On the one hand, you need to use the right mix of cultural data upfront which comes from research, insights, and standards governing typical local behaviors in conjunction with data resulting from local user groups, testing sessions, and personas you have set up. On the other hand, you need to rely on customer feedback and sales data to capture the impact of your culturally sensitive tactics and the potential contrast between geographies. At the very least, you can figure out if your products and services should be managed in a leaner fashion and gauge whether AI and human intelligence should be rebalanced. For instance, you should decide between producing localized content with machine translation and having it done or edited by human linguists.
Broaden the Scope of Cultural Intelligence
Next, you need to broaden the scope and depth of cultural intelligence to cover end-to-end workflows. Although cultural intelligence may appear to be owned by multicultural marketing, or creative teams, ahead of a commercial launch, it comes into play at the very early stages of content and product lifecycles. Actually, it should be an ongoing goal of your global product leadership and content strategy. And cultural intelligence has to span functions and disciplines to be flawlessly incorporated in AI specifications.

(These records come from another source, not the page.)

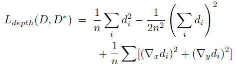 整体上说来涉及的是L2损失以及尺度变化带来的误差项,在此我们不做详细讨论;随后考察水平与垂直两个方向上的梯度差异。这一部分能够与ground truth预测所得图像的梯度进行比较;这种对比使得预测结果不仅局限于邻近区域的数据特征,并且能够在一定程度上反映相似局部结构的存在;这样的输出效果更为理想
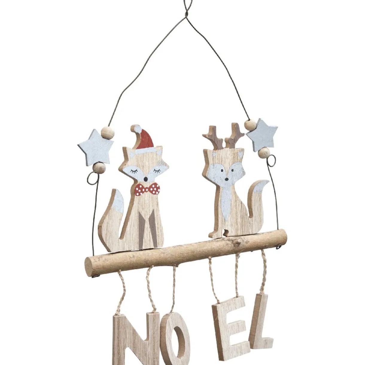 Donnez un esprit nature à votre décoration de Noël avec cette suspension couple de renardsbeige et rouge assis avec lettres NOEL en bois assorti.
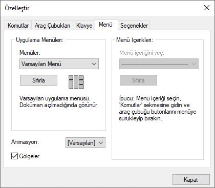 | Kısayollar  Klavye kısayollarını özelleştirmek için klavye özelleştir diyaloğunu açar. |
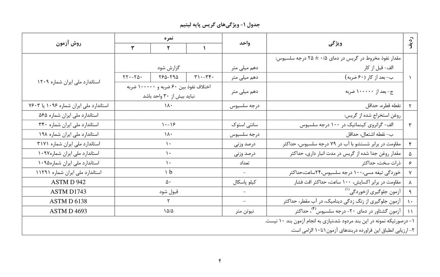 1- گریس پایه لیتیم، طبق این استاندارد باید داری ویژگی های مندرج در جدول شماره یک باشد.
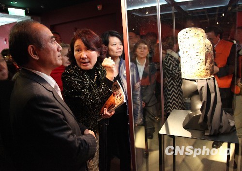 2月6日,“黃金旺族——內蒙古博物院大遼文物展”在臺北故宮博物院正式對公眾開放。此次展出的115組以契丹黃金文物為主的稀世珍寶中有57件是大陸一級文物。這是臺灣歷年來舉辦大陸文物展頂級珍寶數量最多的一次。圖為臺灣“立法院”院長王金平(左一)觀看展出的陳國公主墓出土的珍貴文物“公主銀鎏金高翅冠”。 中新社發 耿軍 攝
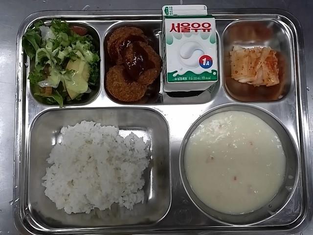조식: 쌀밥, 크림스프, 치커리사과샐러드, 바삭퀸카츠, 배추김치, 우유
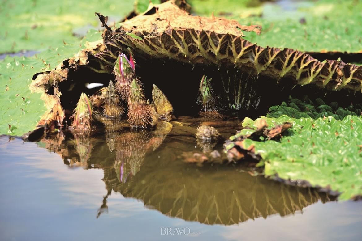 이렇듯 까칠한 가시연꽃이지만, 그 꽃은 모 두를 단숨에 사로잡을 만큼 매력적입니다. 물론 꽃이 피는 과정도 촘촘한 가시나 넓은 잎에 못지않게 기이합니다. 생살을 찢는 고통 속에 새 생명을 낳듯, 가시연꽃도 가시 가 촘촘히 박힌 봉오리로 역시 가시투성이의 두꺼운 잎을 뚫고 올라와 지름 4cm 안 팎의 꽃을 피웁니다. 꽃은 오전에 열었다가 저녁이면 오므리기를 사나흘 되풀이하다 물속으로 들어가 씨앗을 생성하는데, 꽃봉 오리가 맺혔다고 해도 수온과 수심, 기후와 일조량 등이 맞아야 열리기 때문에 활짝 핀 모습을 보기가 쉽지는 않습니다.

There is no detail or glitch that has zero impact on customer experiences, product sales, or content accuracy. It is a comprehensive approach that determines the imprint of cultural intelligence. Recent examples of overlooked or underestimated cultural impact may be found in China. When Dolce & Gabbana used online ads featuring a Chinese woman trying to eat Italian food with chopsticks it made a number of local customers upset. Some thought chopsticks were being mocked. However, they are an undisputed symbol of the Chinese culture that cannot be subject to any kind of funny combination or light interpretation. In the same vein of cultural misuse, Burberry launched a controversial holiday campaign showing rather somber looking family members who seem quite unhappy whereas the Chinese Lunar New Year means optimism and happiness for families getting together.

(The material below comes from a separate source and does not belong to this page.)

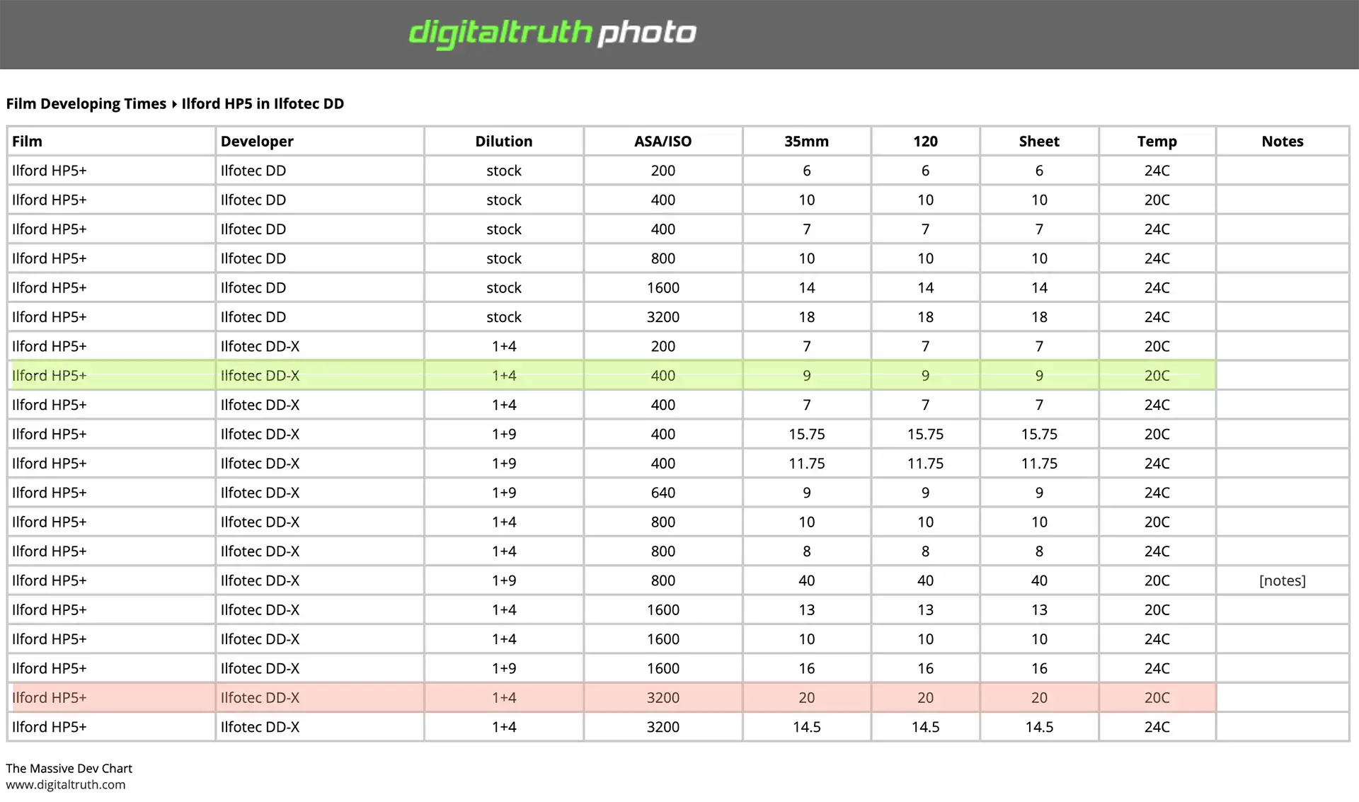 Kullandığım filmlere göre banyo sürelerini kontrol ettiğim bir referans sitem var; digitaltruth. Bu siteye göre ILFORD HP5+ için banyo süreleri aşağıdaki gibidir:

Both cases underline the importance of cultural effectiveness throughout design, development, testing, certification, and deployment phases. They also point out the invaluable role that human resources can play to complement AI-powered optimization. It’s not just about cultural experts, but also leaders of technical and operational teams who can help prevent damage to your company’s brand.

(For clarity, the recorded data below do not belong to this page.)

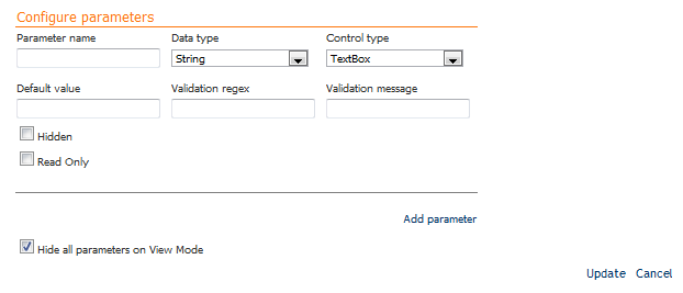 Esta opción permite ocultar los parámetros del módulo. Si se encuentra seleccionada esta opción, los parámetros se enviarán a los módulos BIZUIT Data Service existentes en la página donde el módulo BIZUIT Global Parameters se encuentre pero no podrán ser visualizados y editados por el usuario. |
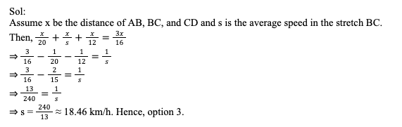 Q69. A person is travelling from A to D via B and C. The distances AB, BC, and CD are equal. The average speed on the stretch AB is 20 km/h and that over the stretch CD is 12 km/h. Which of the following is the interval in which average speed (in km/h) in the stretch BC is located if the average speed of the total journey was 16 km/h?
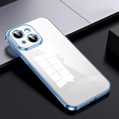 Funda para iPhone 15 Sulada Shine Through Series Plating TPU Transparente (Azul Sierra)
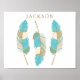 Aquamarine, creme und grüne Federn mit DIY-Namen Poster

Train More than Your Machines
Finally, you should train your internal resources on cultural intelligence as much as your machines and systems. AI implies more than upgrading processes, tools, and ecosystems. It requires new ways of thinking, collaborating, and organizing. You have to create or increase awareness among stakeholders and build knowledge among leaders. It may be quite difficult as they may focus on the immediate return on AI-enabled automation.
Therefore, you should bring forward the highly variable and evolving set of practices and habits triggering reach, resonance, and reaction for your customer base, as well as the need to integrate these drivers in AI-related decisions and technology. AI is as efficient and relevant as how you and your teams leverage it. If everyone contributes to instill emotional intelligence and develop it in AI agents, AI is going to ensure customer centricity by making content more deeply immersive and permanently appealing. That will be no artificial win.